Highly Automated Supply Chain
With 1,750 stores distributed throughout the U.S., Canada and Mexico, Lowe’s is currently the second-largest home-improvement retailer in the world. With a wide product offering ranging from home decorating, to maintenance and repair, the firm mainly targets do-it-yourself enthusiasts. The firm recently reported sales amounting to $15.7, accumulating an annual growth rate of 10.3%. Investment guru Lee Ainslie of Maverick Capital was surely glad to hear the news, as he is a Lowe’s bull with a very large position in the firm.
This home-improvement retailer operates with a scale that allows it to command strong purchasing power. The low-cost position the firm achieves through its scale, gives Lowe’s a competitive advantage over rivals. In addition to purchasing power, Lowe’s logistics system allows for purchase orders to be made at a discount, which it translates to a low-cost edge. In order to gain this advantage, full truckload shipping must be ensured. Hence, the firm has put in place a highly automated supply chain wherein vendors, distribution centers, and stores are all part of a single IT platform.
That IT platform, which drives operational efficiency, is what sets the company apart from Home Depot, its largest rival. Since the firm’s strength resides in its regional distribution network, the IT platform is crucial to ensuring full truckload shipping and efficiency in the supply chain. The $300 million the company invests in IT maintenance and improvement is well justified, as it gives the home-improvement retailer a wide economic moat. Also, this is an advantage Lowe’s wants to keep over rival Home Depot, which is already following in its footsteps.
One of the downsides of Lowe’s is its price. Currently trading at 24.1 times its trailing earnings, the firm has a price premium of 23.3% relative to the industry average. As share value has been rising steadily over the past year, the time for entry seems to have passed. Also, while the domestic store base matures and new store growth ceases to be an option, increasing pressure from competitors is expected to put a strain on returns of invested capital. Despite this risk and the price premium at which the company is trading, I feel bullish regarding Lowe’s future.
Despite being the world’s largest home-improvement retailer, with annual revenue surpassing the $78 billion mark, Home Depot has been facing challenges as of late. In order to counteract the unfavorable economic environment of the past years, the company has focused on updating its distribution network. Lowe’s already has a highly automated supply chain and placed a large emphasis on new store openings, but Home Depot seeks to improve its current stores' productivity.
Some of the upgrades the firm has introduced include self-service checkout machines and online shopping websites. Through these mechanisms, the company is looking to reduce customers waiting time and reduce staff, while increasing their product offerings. In addition, Home Depot has targeted one of Lowe’s competitive advantages by restructuring its supply chain and improving its information technology infrastructure.
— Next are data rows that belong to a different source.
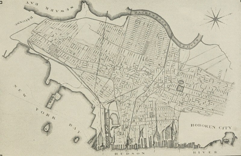 In the fall of 1609, Hendrik Hudson anchored the "Half Moon" off Communipaw, and the simple natives met him and said "Behold the Gods have come to visit us." Little they dreamed of the long sequence of evil results which would follow his coming and the introduction he gave them to "rum," the most potent destroyer of their race. When Hendrik Hudson anchored off Communipaw, where lower Jersey City now stands, it was largely salt marsh, and the heights above were crowned with heavy forests.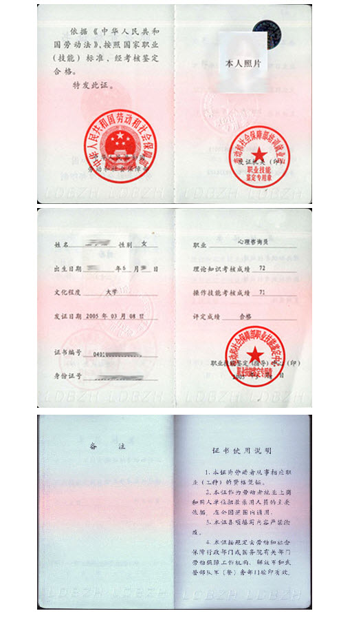 本网心理咨询师站特别整理了如下心理咨询师三级(国家职业资格三级)证书样本: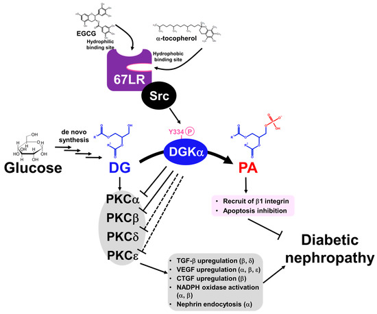 Under hyperglycemic conditions, high blood glucose results in DG accumulation via de novo synthesis. The accumulation of DG abnormally activates PKCs, and the enhanced PKC pathways are one of the mechanisms for the development and progression of DN. PKC activation promotes biological changes leading to DN, such as growth factor expression followed by extracellular matrix production and oxidative stress (Figure 5). DGK is an enzyme that can inhibit PKC activity by converting DG into PA. So far, many studies have supported the idea that DGKα ameliorates DN by inhibiting abnormal activation of PKCs and by activating PA signaling (Figure 5). Notably, since DGKα activation can inhibit several PKC subtypes simultaneously, DGKα activation may be more effective than specific PKC inhibitors. So far, it has been proven that two food factors, α-tocopherol, and EGCG, ameliorated DN through DGKα activation in murine studies. Importantly, EGCG showed a positive effect on DN in humans, suggesting that EGCG is a functional food for DN by activating DGKα, although there are several issues, such as toxicity of EGCG for medical purposes. Therefore, the development of an effective DGKα activator is still needed.
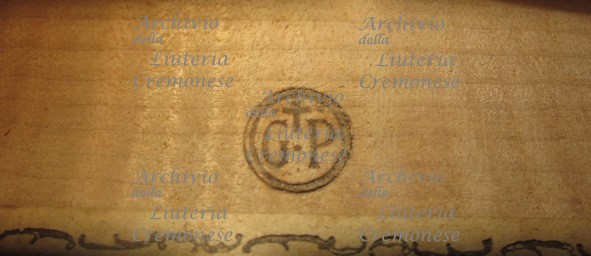 Fondo in un pezzo d'acero riccio a marezzatura media, leggermente discendente verso sinistra, con all'interno il marchio "G.P."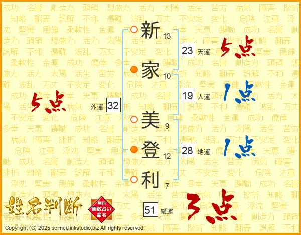新(13画)家(10画) 美(9画)登(12画)利(7画)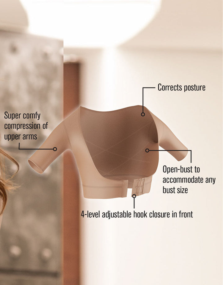 It gives dual action compresses your arm along correcting the posture. This multipurpose compression comfortably smooths your upper arms and back with a perfect seamless SkinFuse® fabric.Front hooks can be adjusted according to the level of compression required with 4 position front hook and eye closure.The criss-cross bands at the back provide support to maintain a good posture all day long. It has open bust design and accommodates any bust size so you can wear it with your favourite bra.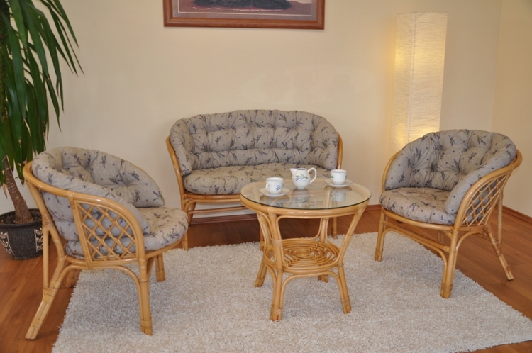 z prírodného ratanu s farbou konštrukcie v medovom odtieni. Súprava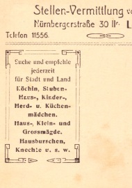 Postkarte der Stellenvermittlung Helene Mahnert aus Leipzig. |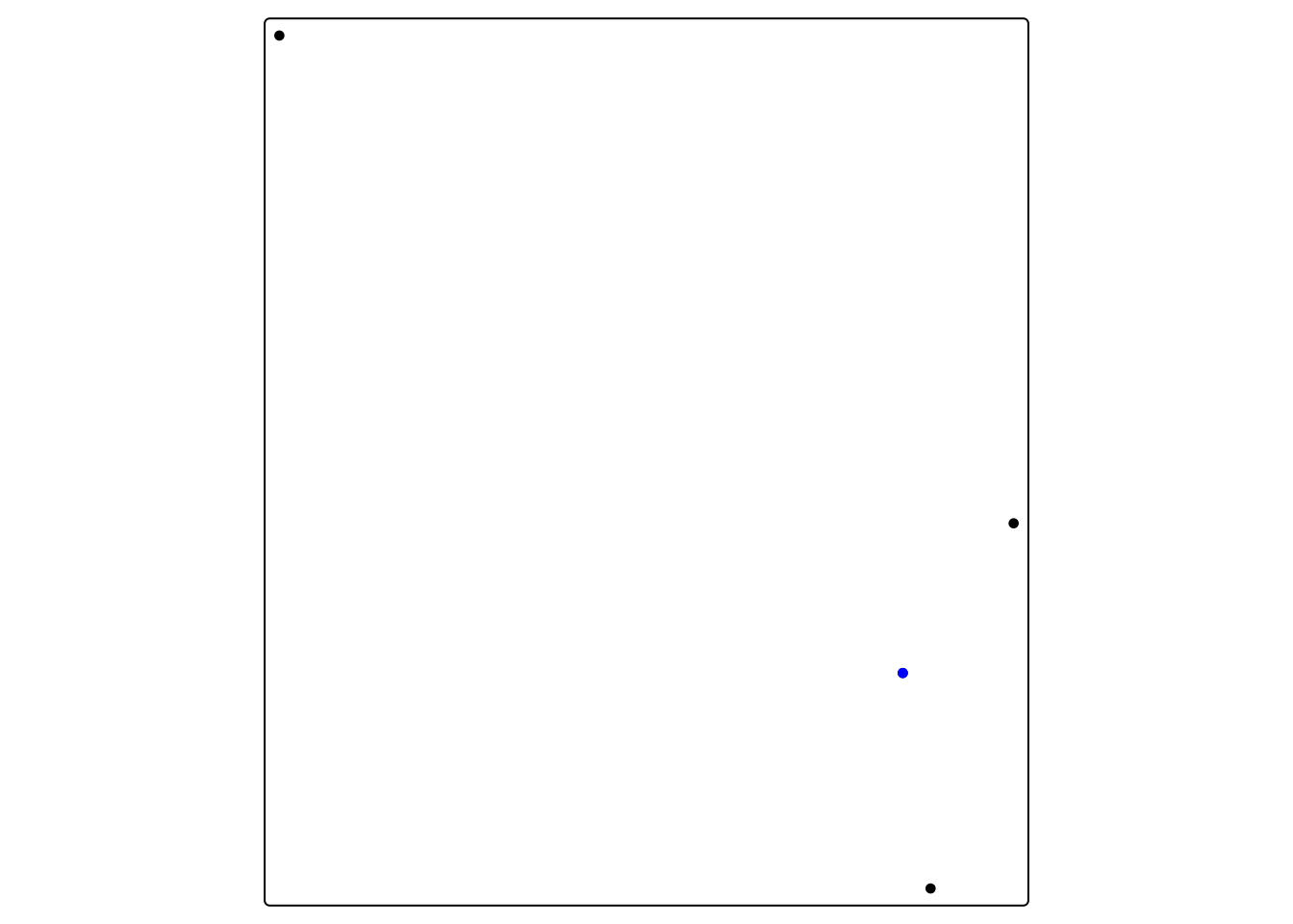 tm_shape(chhs_neighbors) + tm_dots() + tm_shape(chhs) + tm_dots(fill = "blue")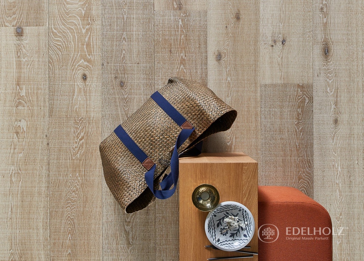 La superficie quasi priva di nodi della nostra qualità più pregiata, irradia eleganza e armonia . La venatura sottile e il motivo cromatico uniforme, esaltano ulteriormente questo effetto e lo rendono uno dei favoriti, in particolare per i pavimenti in parquet a spina di pesce EDELHOLZ.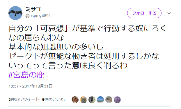 自分の「可哀想」が基準で行動する奴にろくなの居らんわな基本的な知識無いの多いしゼークトが無能な働き者は処刑するしかないってって言った意味良く判るわ#宮島の鹿— ミサゴ (@osprey4691) 2017年11月1日

The firm has already reaped some early benefits from its reworked supply chain, especially in terms of additional merchandising capabilities. The introduction of new technology is expected to provide additional flexibility in inventory and sales at the store level, thus improving profitability. By switching to a regional distribution network, such as the one operated by Lowe’s, Home Depot seeks to take advantage of its tremendous economies of scale.
Despite the rosy outlook of the company’s restructuring, the IT and supply chain improvements are still underway and thus face risks. Poor implementation and setbacks could seriously harm the firm’s profitability. Also, Jean-Marie Eveillard of First Eagle Investment Management and John Burbank of Passport Capital have recently sold their entire stake in the firm. The bearish feeling of these two investment gurus towards Home Depot does not inspire confidence in the company’s future growth potential. Since the home-improvement retailer is currently trading at 22.1 times its trailing earnings, those seeking to invest must face a 19.5% price premium relative to the industry average. I think Home Depot will fare well in coming years, especially if the restructuring efforts are successful.
As the U.S. economy rebounds and home-improvement sales rise, Lowe’s and Home Depot are both set to see their revenue increase. However, Home Depot seems to be trailing behind Lowe’s in terms of supply chain automation and IT infrastructure. As new store growth slows down, this competitive advantage could be highly beneficial for Lowe’s. Although both firms have strong financial positions and good future outlooks, I tend to follow investment gurus’ transactions and thus feel more bullish towards Lowe’s. Nevertheless, I think there is yet enough room for both companies to grow and increase their market shares without suffering the effects of fierce and direct competition.
Disclosure: Patricio Kehoe holds no position in any of the mentioned stocks.